#### Supplied material ####

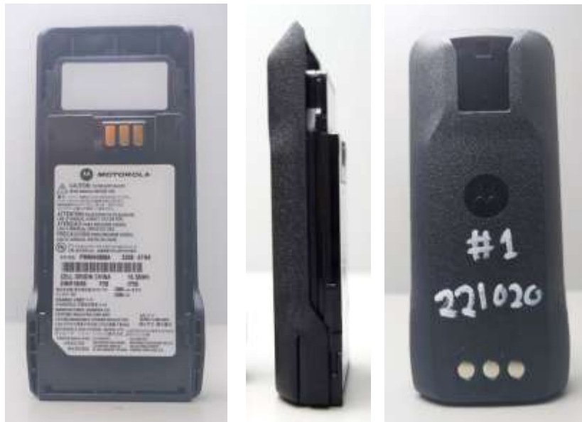
PMNN4598A: Front View, Side View and Back View
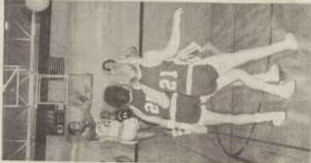
Fuller's shot from the game on Feb. 1, 1969.
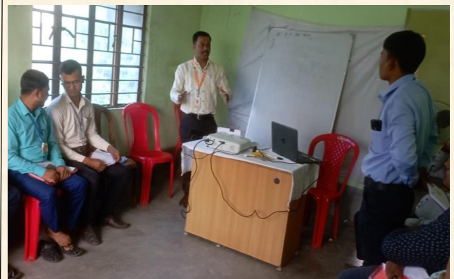
Targeted Support and Motivation for Branch Staff

####

● Exercise goal
Find the line that contains "Fuller's shot from the game on Feb. 1, 1969.". Copy it and every line after it through the end of the listing exactly, but not the pictures.

● Result for this task
Fuller's shot from the game on Feb. 1, 1969.
Targeted Support and Motivation for Branch Staff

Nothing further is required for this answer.